Their work, conducted under the aegis of the Institut Charles Sadron (CNRS) in Strasbourg, France and the Institute of Radical Chemistry (CNRS/Aix-Marseille University, France), sets a benchmark for the amount of data – stored as a sequence of molecular units (monomers)—that may be read using this routine method. It also sets the stage for data storage on a scale 100 times smaller than that of current hard drives. The scientists’ findings are published in Nature Communications on October 17, 2017 (see below).
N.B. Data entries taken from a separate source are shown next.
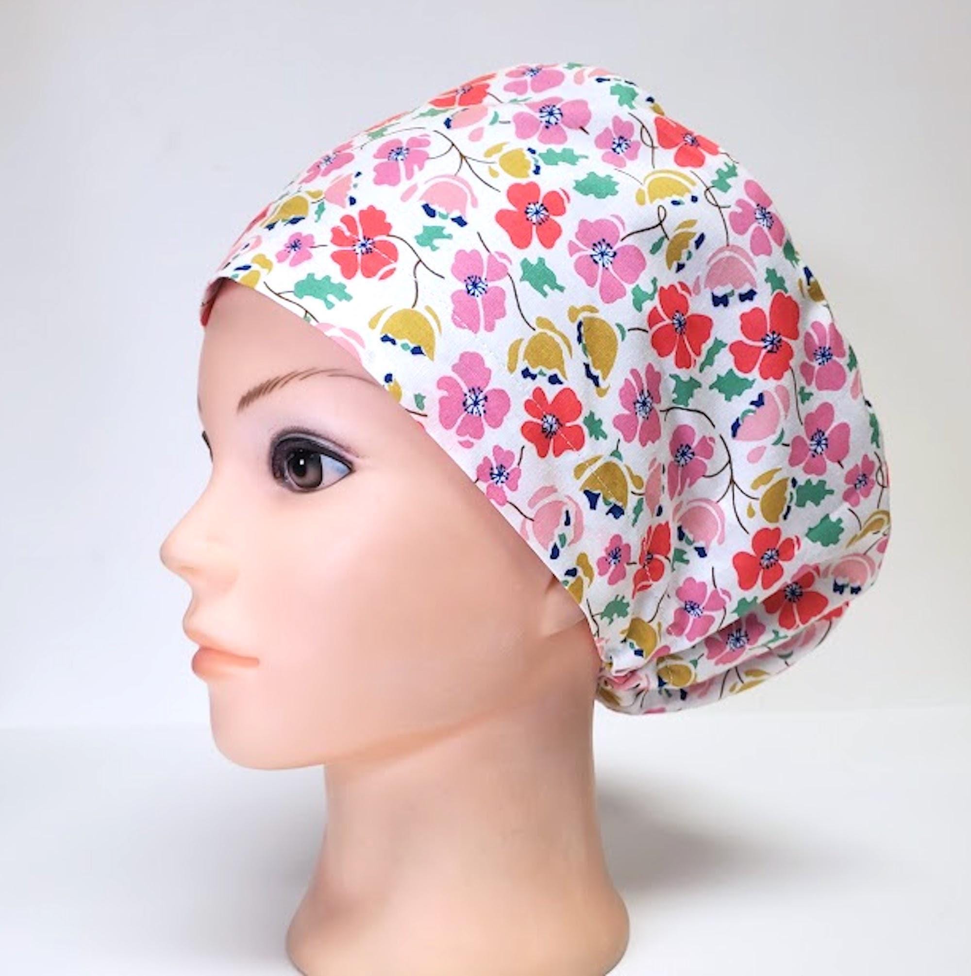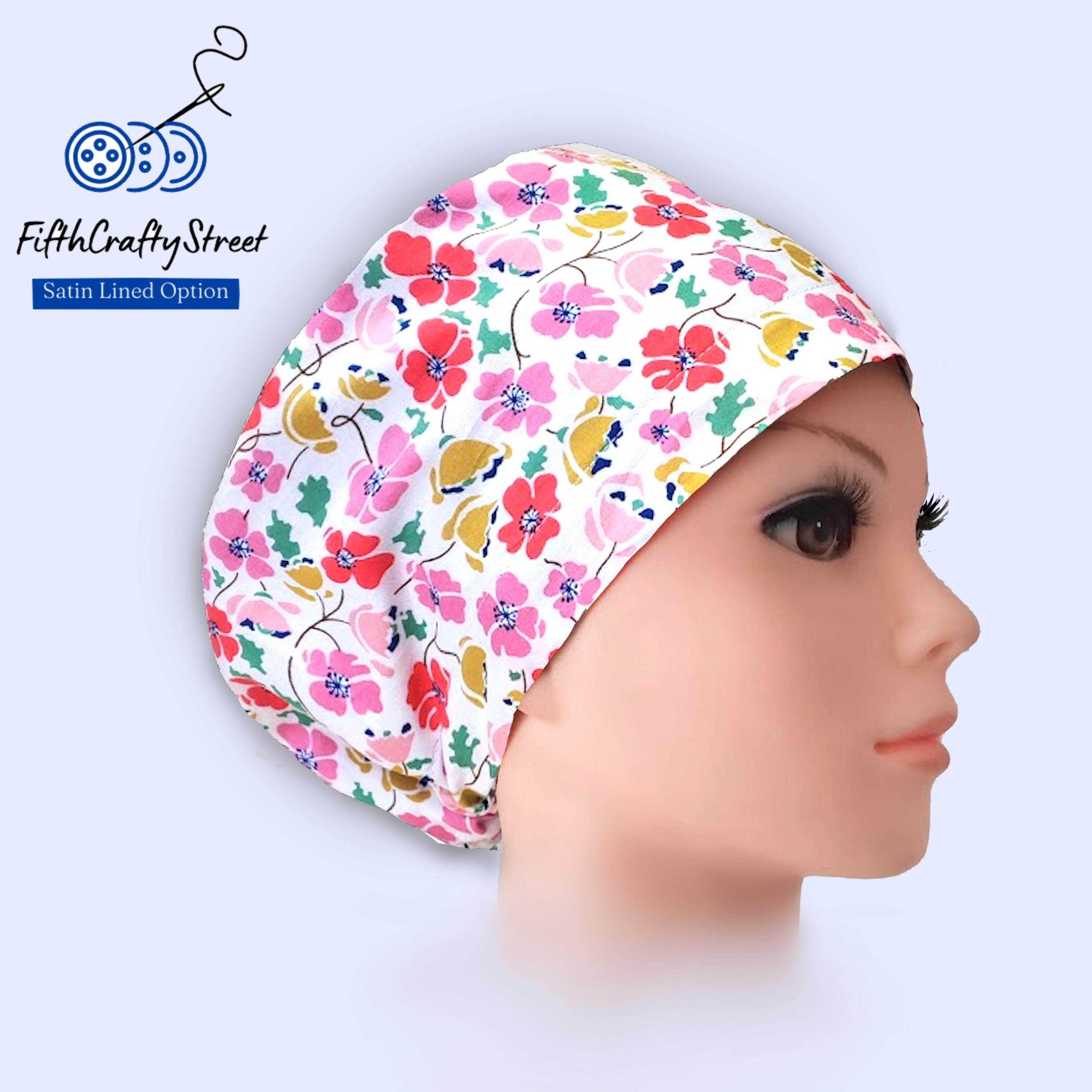 Floral Euro Scrub Cap: Lightweight Cotton, Satin Lined, Adjustable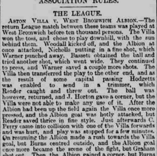 The Villa were now playing a much better game than the Albion, and attacked vigorously, Graham sending in a couple of fine shots, which were, however, well saved by Reader, who turned the second round the bar.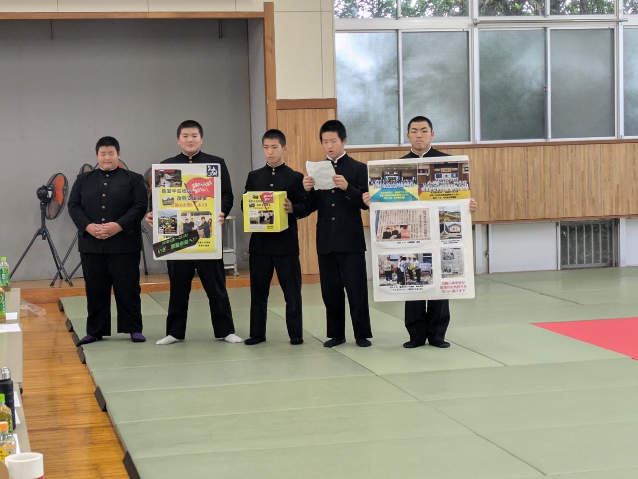 最後の最後のお願いに参りました。 どこかで聞くセリフですが、本日、柔道大会会場で3年生が最後の募金のお願いをしました。柔道部の保護者の皆様にはかわいいお子様のお願いに応えて何度も募金に協力いただきました。ありがとうございます。いよいよ明日能登半島に向かいます。皆様方の温かい心配りを沼島小中のみんなが代表して珠洲市の子ども達に届けてきます。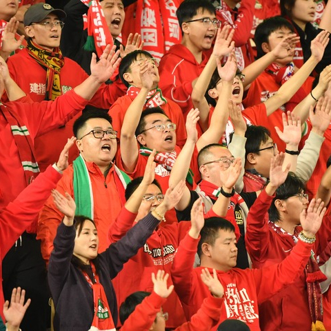 场边欢呼呐喊的球迷们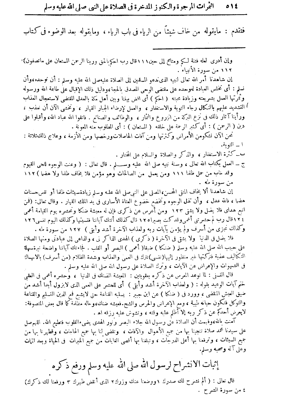 فلا يضل في الدنيا ولا يشقى في الآخرة (ذكرى) الهدي الذاكر لي، والداعي إلى عبادتي، ومنها الصلاة على حبيب الله صلى الله عليه وسلم (ضنكا) ضيقا (أعمى) البصر أو القلب. فجاءتك آياتنا واضحة نيرة سهلة التكاليف عذبة فتركتها غير منظور إليها (تنسى) تترك في العمى والعذاب وشدة الظلام (من أسرف) بالانهماك في الشهوات والإعراض عن الآيات، وترك الصلاة على رسول الله صلى الله عليه وسلم.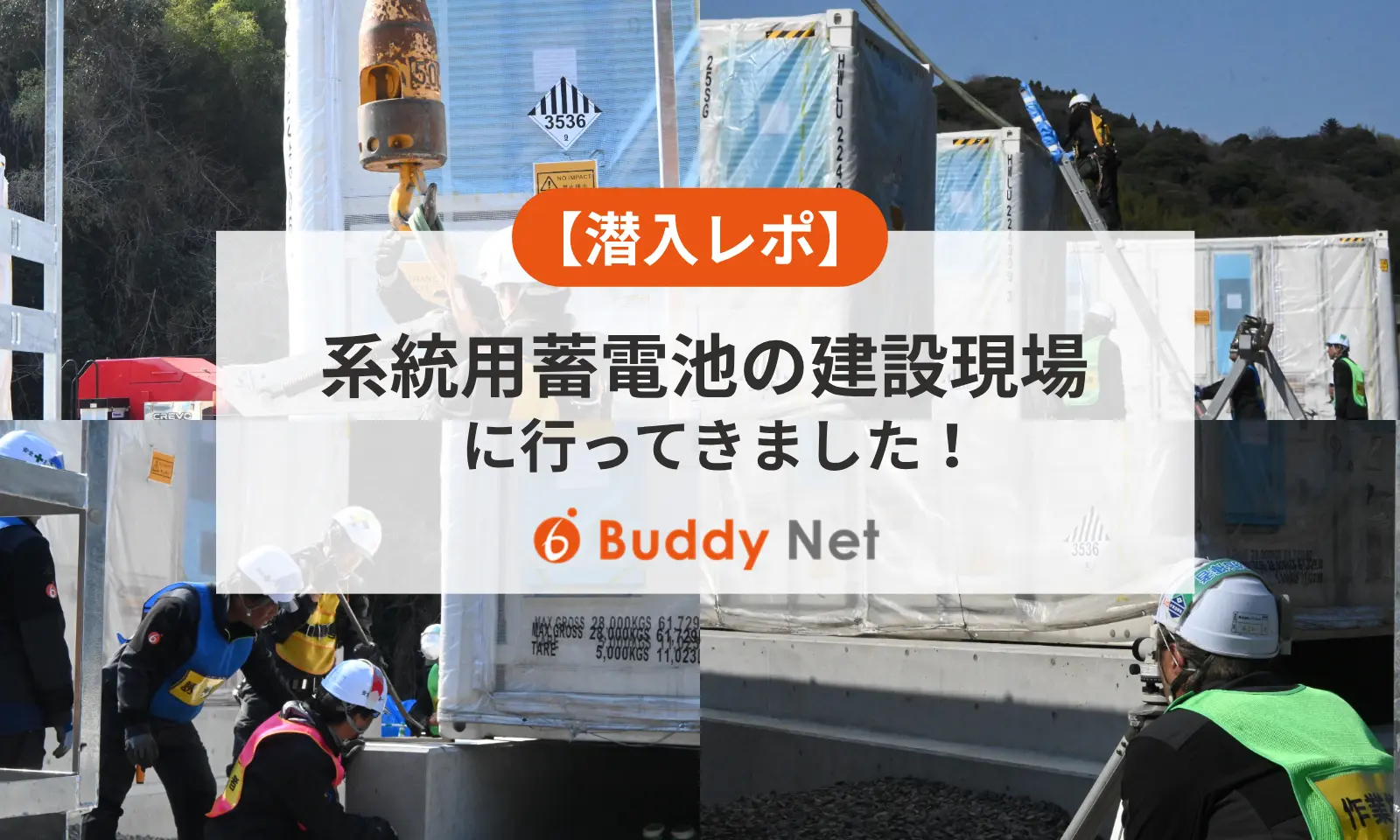 そんな中バディネットは、「すべてのモノが繋がるスマート社会」の実現に向け、通信建設工事を中心とした社会インフラ構築事業を展開しています。太陽光・風力発電所の建設や、今回レポートする蓄電所の建設を通じて、脱炭素社会の実現に貢献しています!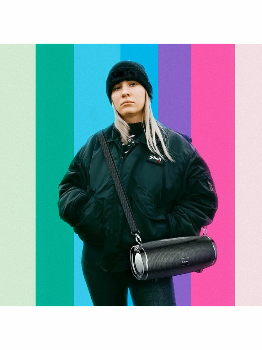 Портативная колонка Hoco HC5 Cool Enjoy, стерео, 30Вт, черная, с ремешком, FM-радио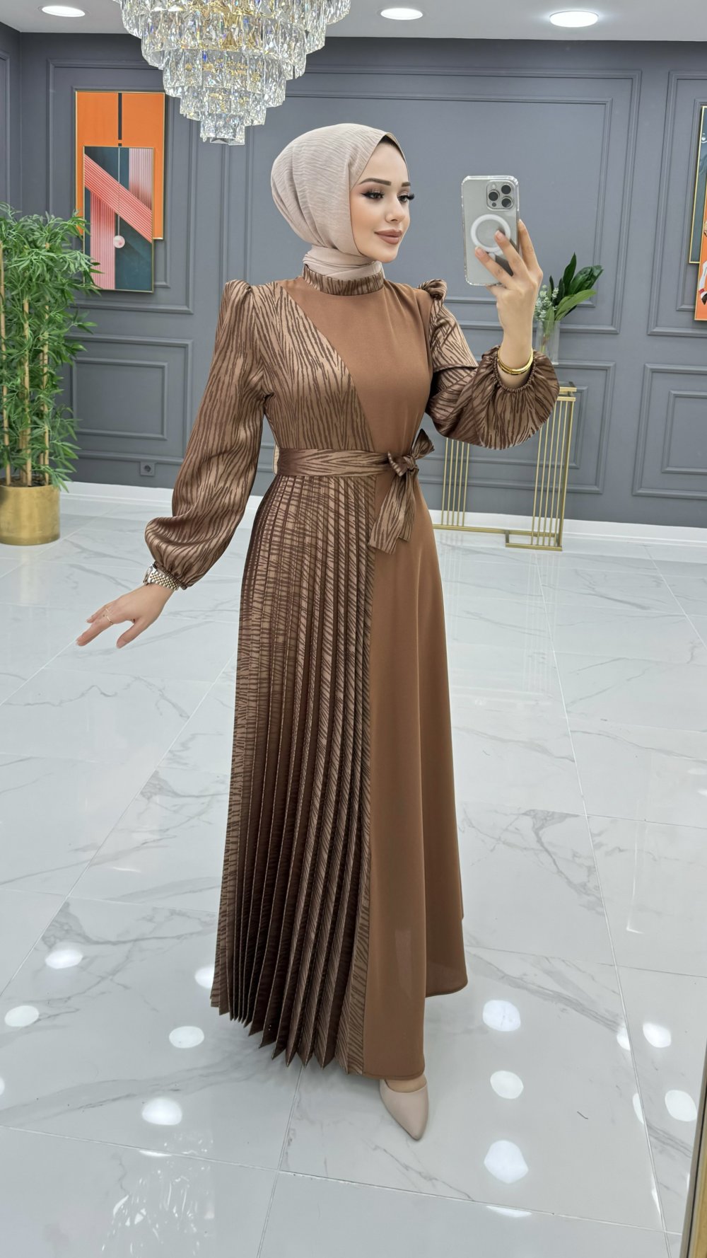 ELBİSENİN ÖN YÜZÜ PİLİSE DETAYLIDIR .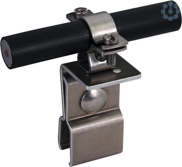 Dachleitungshalter mit Zweischraubenüberleger aus NIRO zum Verlegung der HVI Leitung auf Metalldächern mit Klemmfalz.

Will hard drives one day use polymers for data storage? For several years now, researchers have faced the challenge of trying to record information with these long molecules. Polymers have great potential since, to record a bit, ⁽¹⁾ their component monomers require 100 times less space than current HDDs. Their use could therefore reduce the size of computer storage media. Yet researchers have been thwarted in their efforts to effectively read polymer data. Now a team of CNRS and Aix-Marseille University scientists has demonstrated that a mass spectrometer may be used to read long sequences of data recorded on a molecular scale. This is a breakthrough because mass spectrometers, popular among chemists, are fast and easy to use.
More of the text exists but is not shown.